PROBLEM TO SOLVE:
Every line below from the one with "平时,张铭在教学中经常将原理" through the one with "A cute, classic" should be retyped exactly, both ends included; no other lines and no pictures.

BEGIN STORED DATA

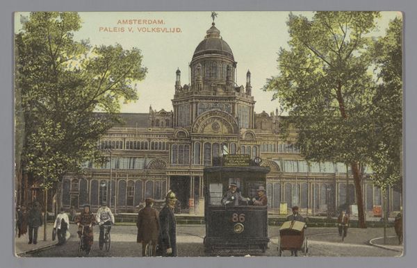 Curator: Oh, what a curious slice of seaside life. My first thought is how much everyone is dressed to the nines to simply be at the shore. Editor: Absolutely. Schaefers Kunst-Chromo offers us, in their artwork titled "Scheveningen, Rotonde Wandelhoofd," a glimpse into a past pleasure: promenading. This piece, estimated to be from between 1890 and 1920, really captures that epoch. It is an edition after a photographic representation from an earlier time. Curator: You can feel the photographic source under the printwork. The pale, cool hues, and the very stiff posture of these folks. They could almost be paper dolls pasted on that little pier. Editor: Precisely. We’re seeing here a society carefully curating its image of leisure and respectability. Scheveningen, already in this moment, had become a sought-after resort destination in the Netherlands for Europe’s elite. These architectural constructions, that rotunda, became powerful symbols of this modern seaside resort identity. Curator: That's some kind of structure. An elaborate gazebo or pier building? I can't quite place it. All those poles holding flags; is this a celebration? And all those well dressed members of society... the dresses, top hats. One can see the cultural emphasis on public presentation. Editor: Yes! This pier or promenade served not just as a physical structure but as a stage for social performances. These locations become focal points where the aspirations and anxieties of a society are subtly displayed and experienced. Curator: The architecture as a sort of... societal backdrop? It is not a stage, though, it is an event! Each person adding their expression to an almost carnivalesque scene... but a calm one! All very measured. There are not many faces showing elation. But everyone shows they belong, by their sartorial efforts. It really begs the question; what are we displaying today? Editor: An incisive question! Well, thinking about that, and in light of how seaside destinations transformed in popular European memory and leisure... it brings me pause to remember the impermanence of these grand scenes. Curator: It does, yes. I was thinking that myself. The Rotonde probably went away or lost a level of popularity and these lives we looked at through an old edition also went their way, after displaying on their epoch "the high style" of their ways and means. Fascinating glimpse.
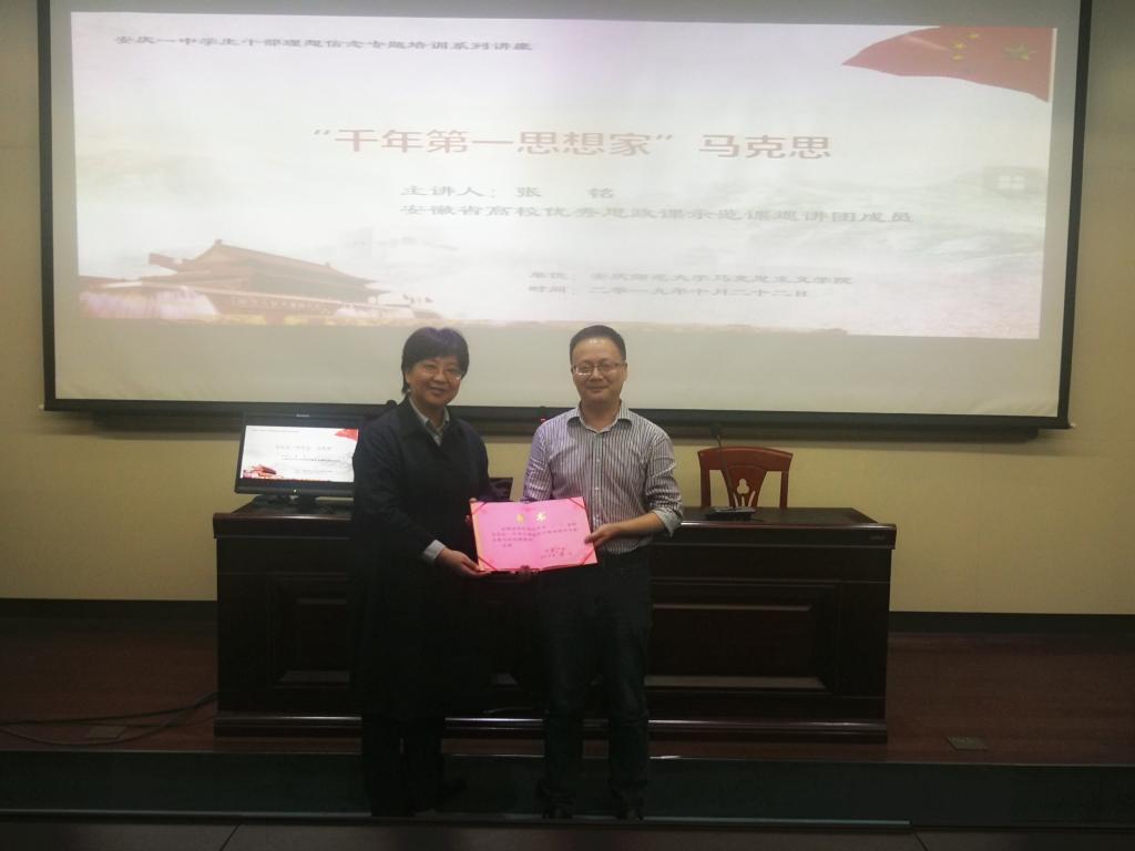 平时,张铭在教学中经常将原理知识与学生成长成才相结合,用校园里同学们身边人和事来激励学生。有一次,张铭带了黄梅戏表演专业的马克思主义基本原理课,这个班准备举办黄梅戏表演汇演,但由于经费、场地、人员的问题,活动流产了。张铭得知情况后,在讲述“主体选择与社会历史趋向”知识点时,将这次活动流产与人文学院《王步文》话剧举办成功的事例进行对比,让学生比较两者不同结果的原因,引导他们意识到个人的选择应当与社会发展的相结合,进而增强他们建设中国特色社会主义的理想信念。
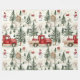 A cute, classic winter design with a vintage red truck, trees, snow and a Snowman!
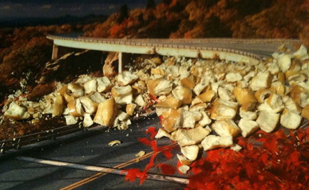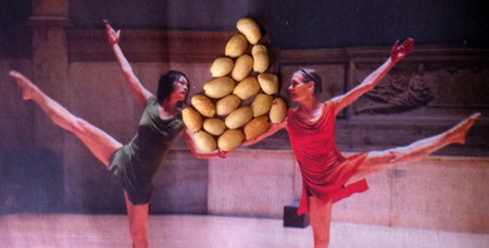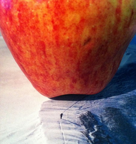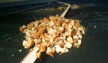 正如这场展览的名字所暗示的那样,“Lavatory Self-Portrait in the Flemish Style”系列使用了诸如充气颈枕、餐巾等尼娜(Nina Katchadourian)可以获得的材料创作出了弗兰德斯风格的自画像。旅行杂志为艺术家提供了一些更为丰富的材料。来自“Landscapes”系列中的一件作品就利用了黑色的毛衣线头将一座被雪覆盖了的山头转变成了冒烟的火山。在“Disasters”系列中,面包屑又变成了冲毁了道路的滑坡。黑色线头同时还出现在了系列作品“Birds of New Zealand”中:它装饰了那些异域之鸟的脑袋和身体,赋予了它们更精致的外观。这些作品最奇特的地方还在于它们看起来都如此可信。尽管道路上的石块很明显并不是真正的石块而只是面包屑,又或者现实生活中的鸟的头部显然不可能有腰果状的附属物,但这些作品都产生了一种真正的暂停感,让人们觉得它有可能是真实的——尽管这是荒谬的。
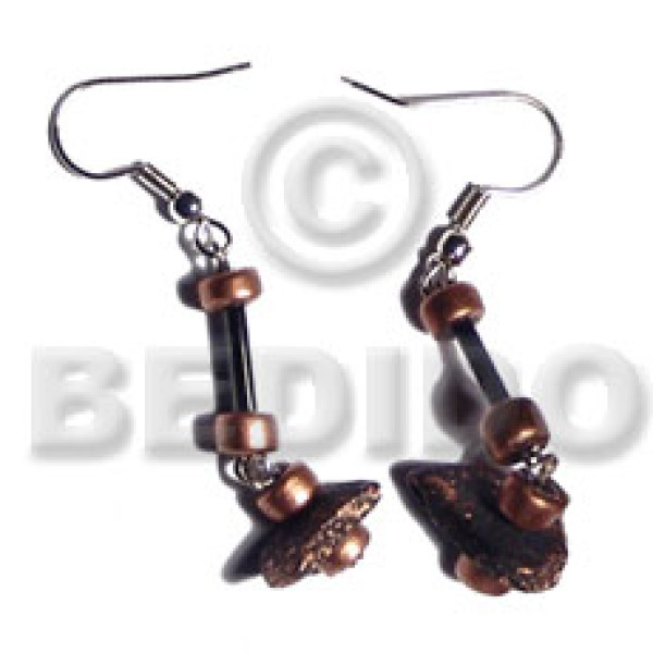 dangling single row black coco chips/Pokalet in bronze metallic splashing..

END STORED DATA

ANSWER:
 平时,张铭在教学中经常将原理知识与学生成长成才相结合,用校园里同学们身边人和事来激励学生。有一次,张铭带了黄梅戏表演专业的马克思主义基本原理课,这个班准备举办黄梅戏表演汇演,但由于经费、场地、人员的问题,活动流产了。张铭得知情况后,在讲述“主体选择与社会历史趋向”知识点时,将这次活动流产与人文学院《王步文》话剧举办成功的事例进行对比,让学生比较两者不同结果的原因,引导他们意识到个人的选择应当与社会发展的相结合,进而增强他们建设中国特色社会主义的理想信念。
 A cute, classic winter design with a vintage red truck, trees, snow and a Snowman!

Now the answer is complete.